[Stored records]
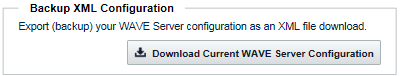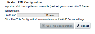 The WAVE 3000 Server Backup or Restore Configuration page allows you to backup and/or restore the WAVE 3000 Server configuration file.
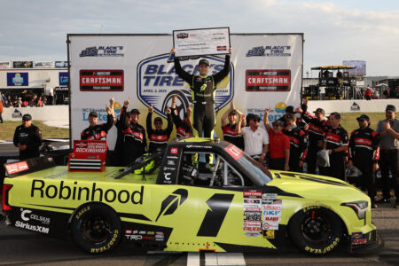 Starting from 7th place Truck 1 Corey Heim Robinhood Toyota won the Black’s Tire 200, his 25th win in 92 NASCAR CRAFTSMAN Truck Series races. This is his 2nd win & 3rd Top 10 finish in 2026. This is his 1st win & 2nd Top 10 finish in 2 races at Rockingham Speedway. 2nd Place Truck 11 Kaden Honeycutt Safelite Toyota, started from 3rd place posted his 2nd Top 10 finish in 2 races at Rockingham Speedway. It is his 4th Top 10 finish in 2026. 3rd Place Truck 34 Layne Riggs BKB Bare Knuckle Boxing Ford, started from 5th place posted his 1st Top 10 finish in 2 races at Rockingham Speedway.
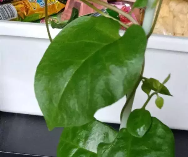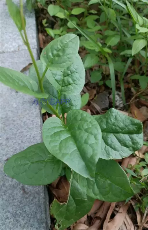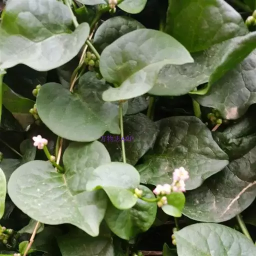 落葵 一年生缠绕草本。茎长可达数米,无毛,肉质,绿色或略带紫红色。
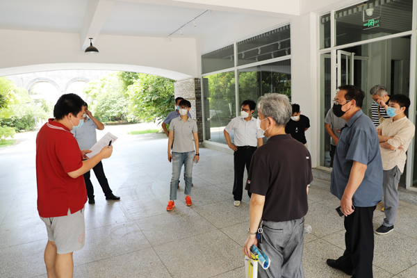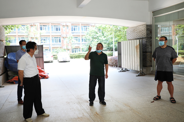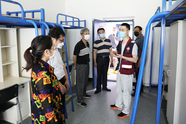 本网讯(记者 刘恒)6月8日上午,武汉市江夏区疾病预防控制中心卫生监测科副科长李超、消毒组技术专家刘杨来到学校,检查指导毕业生返校前疫情防控工作。学校党委书记冉春桃、常务副院长龚少平、副院长张丽娟、蔡光照等校领导和相关职能部门负责人陪同检查。
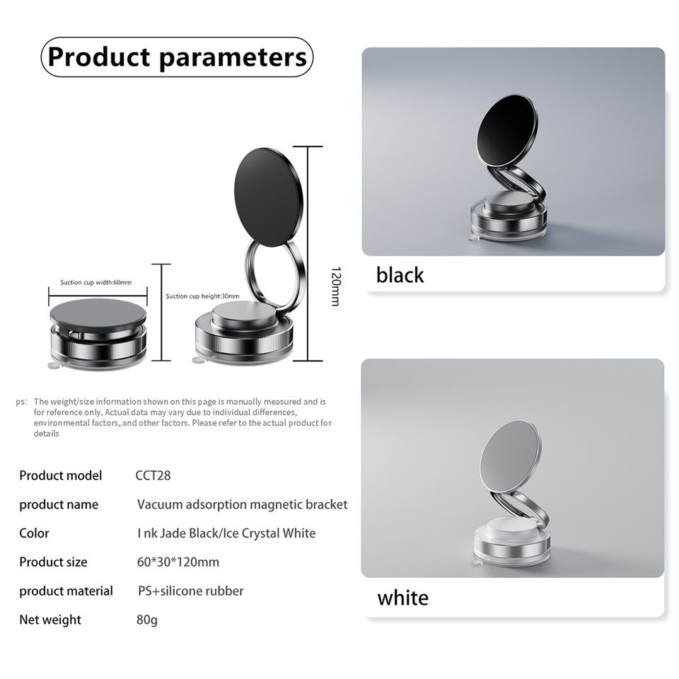 Det kompakte forbindelsen mellom sugekoppen og magneten lar deg vippe og rotere skjermen slik du ønsker. Når det er nødvendig å flytte festet til leiebilen eller et annet kjøretøy, trykker du enkelt på utløserknappen for å frigjøre vakuumet. Dette gir deg en svært anvendelig løsning for en sikker og forutsigbar kjøreopplevelse.
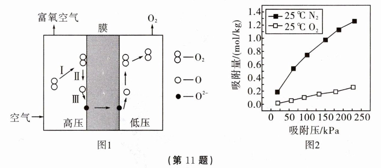 氧气瓶和氧气袋中的 O₂一般用深冷法制得,该方法利用物质沸点差异,从空气中分离出 O₂。制氧机有膜分离、变压吸附等制氧方式。膜分离制氧用到的膜材料有陶瓷、聚苯胺等,其中混合导电陶瓷分离膜的工作原理示意图如图 1。变压吸附制氧常用的吸附剂是沸石分子筛。科研人员在一定条件下分别将 N₂、O₂通过某种沸石分子筛,测定其对 N₂、O₂的吸附情况,结果如图 2(纵坐标数值越大,代表吸附量越大)。吸氧对于缺氧人群有一定作用,但健康人短期内高流量吸氧会对机体造成不良影响,因此不能盲目吸氧。

* _Work instruction_: Retype the lines from the one containing "落葵 一年生缠绕草本。茎长可达数米,无毛,肉质,绿色或略带紫红色。" down to the last line of the records, both included, exactly and nothing more. Pictures stay out.

* _Task response_:
 落葵 一年生缠绕草本。茎长可达数米,无毛,肉质,绿色或略带紫红色。
 本网讯(记者 刘恒)6月8日上午,武汉市江夏区疾病预防控制中心卫生监测科副科长李超、消毒组技术专家刘杨来到学校,检查指导毕业生返校前疫情防控工作。学校党委书记冉春桃、常务副院长龚少平、副院长张丽娟、蔡光照等校领导和相关职能部门负责人陪同检查。
 Det kompakte forbindelsen mellom sugekoppen og magneten lar deg vippe og rotere skjermen slik du ønsker. Når det er nødvendig å flytte festet til leiebilen eller et annet kjøretøy, trykker du enkelt på utløserknappen for å frigjøre vakuumet. Dette gir deg en svært anvendelig løsning for en sikker og forutsigbar kjøreopplevelse.
 氧气瓶和氧气袋中的 O₂一般用深冷法制得,该方法利用物质沸点差异,从空气中分离出 O₂。制氧机有膜分离、变压吸附等制氧方式。膜分离制氧用到的膜材料有陶瓷、聚苯胺等,其中混合导电陶瓷分离膜的工作原理示意图如图 1。变压吸附制氧常用的吸附剂是沸石分子筛。科研人员在一定条件下分别将 N₂、O₂通过某种沸石分子筛,测定其对 N₂、O₂的吸附情况,结果如图 2(纵坐标数值越大,代表吸附量越大)。吸氧对于缺氧人群有一定作用,但健康人短期内高流量吸氧会对机体造成不良影响,因此不能盲目吸氧。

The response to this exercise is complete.